Because Maggie was diagnosed through the Pathway to Prevention Study, she became eligible to participate in the LIFT study. (Long-Term Investigative Follow-up in TrialNet Study) LIFT helps to monitor Maggie's disease progression, insulin requirements, long-term effects, etc.

It's interesting to see how Type 1 develops, having never had any experience with it before Clifford's diagnosis. I never got the chance to mourn the loss of his pancreas slowly and become accustomed to the new life, instead, I was thrown into it. This time, even though we're more experienced we're getting an inside look at the disease progression. At this point, typically, Maggie may not have been technically diagnosed seeing her insulin need is so low.

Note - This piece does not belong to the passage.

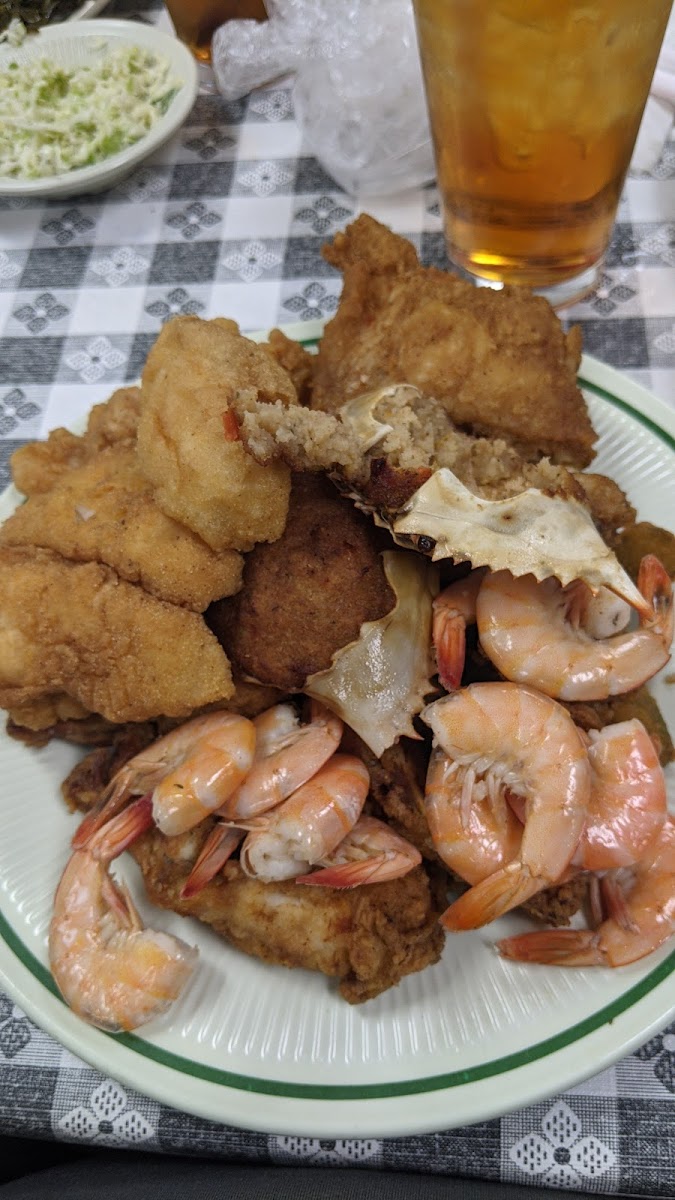 Very nice staff, good selection of food to choose from, and clean environment. The tables and seating are spaced out well. I tried the whiting, flounder, and shrimp which were decent. My sides were macaroni which was pretty good, cabbage and rice, this was ok, yams and fried okra. My favorite was the peach cobbler which had the perfect amount of spices added. I would try this establishment again. There was a pretty good variety if you have the taste for soul food. Also very affordable and under $20.

But this means we are able to take stress off of her pancreas NOW and extend the life of it. To me, I find it absolutely amazing. But let’s talk about the second diagnosis in my family for a second and how we took the news.

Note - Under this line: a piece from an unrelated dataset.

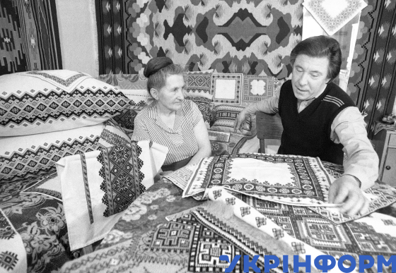 Заслужений майстер народної творчості України Михайло Покиданець знайомиться із творчістю народної майстрині М. Мельник, Калуш, Івано-Франківська область, березень 1990 року. Фото Володимира Миговича.

I used to scroll through countless Facebook posts of online friends announcing they had another child diagnosed with Type 1 diabetes. I'd stop, read through their posts, offer well wishes, support, virtual hugs, prayers, anything I could. My heart broke in two for them, I imagined what they were going through having yet another child diagnosed. For that brief moment I couldn't even fathom having that bomb dropped on our family. Until it did.......

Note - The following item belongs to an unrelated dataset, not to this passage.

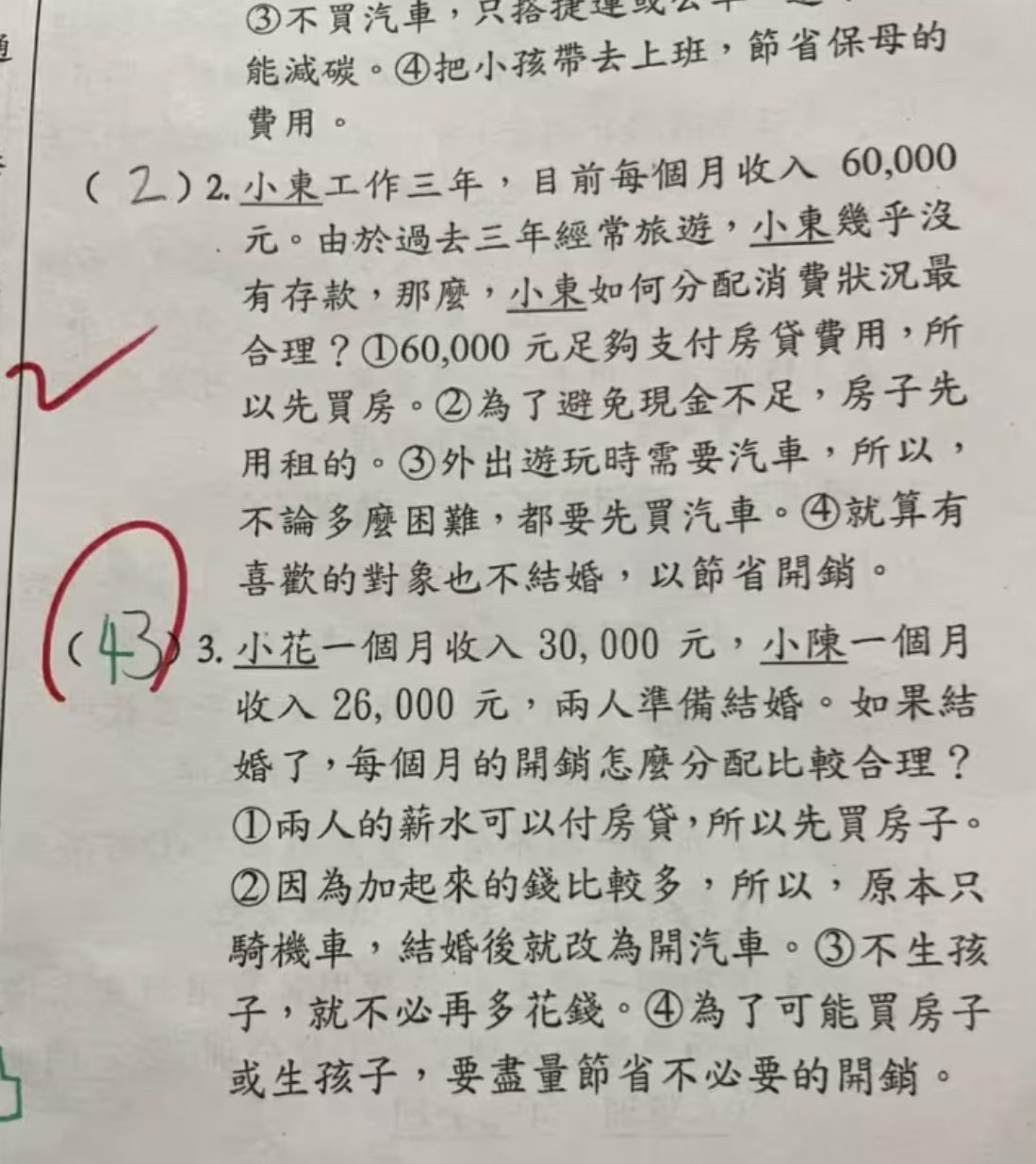 2. 因為加起來的錢比較多,所以可以從騎機車改成開車

The reality of diabetes entering our lives again has hit! She was officially diagnosed on Wednesday, March 25th, 2015. Only 5 short years, 1 month and 2 days after her brother was diagnosed.

When Clifford was diagnosed I was currently carrying her and her twin sister, they were 8 months away from entering the world. She hasn't really known a life without 'Diabetes' so to say. It's always been there in the background. When she could talk, walk, understand the things around her it was there. Her brother always testing, always giving insulin, and always counting carbs.

Each taken at diagnosis in the same location

Her diagnosis story is one that I would take a million times over her brothers and so many others that I hear about. She wasn't unconscious like he was, she wasn't so sick she could barely move, and she wasn't on the verge of us losing her. Instead, she was smiles, giggles and laughs throughout the entire process. With our 'heads up' in February we were able to monitor her more closely than we would have prior to knowing. I mean, yes, because we already have a Type 1 in the house we knew the symptoms, and believe me when anyone started peeing or drinking more, I was on it. But this was more of a heads up than just knowing the symptoms. I knew it would happen, and I knew when to look for any unusual things in her.

On Monday, March 23, she woke up complaining that her stomach, and legs hurt so much so she asked me to carry her downstairs. She had some breakfast, peaches, but she continued to lay there for over an hour not moving, not wanting to play, nothing. So I thought to test her, just to see you know? She couldn't pee just yet so she said, so I tested her ketones with our blood ketone meter. Her blood sugar was pretty good for just having ate breakfast, 124, but that little sigh of relief soon changed when I saw the ketone meter, 3.0.  This is not when I got entirely worried, but I did start making calls, just to give a 'heads up' to others that we may be heading to the hospital.

After the calls were made, 10 minutes later I checked again she was complaining even more now. 130 (Great number), but ketones jumped to 3.5.  It was at this point when I got a call back from our TrialNet nurse, and the doctor had asked that I get a pee stick tested to see if she was spilling glucose in her urine. Finally, a short while later I was able to do this, she was in fact spilling 1/2 glucose and the ketones turned dark immediately.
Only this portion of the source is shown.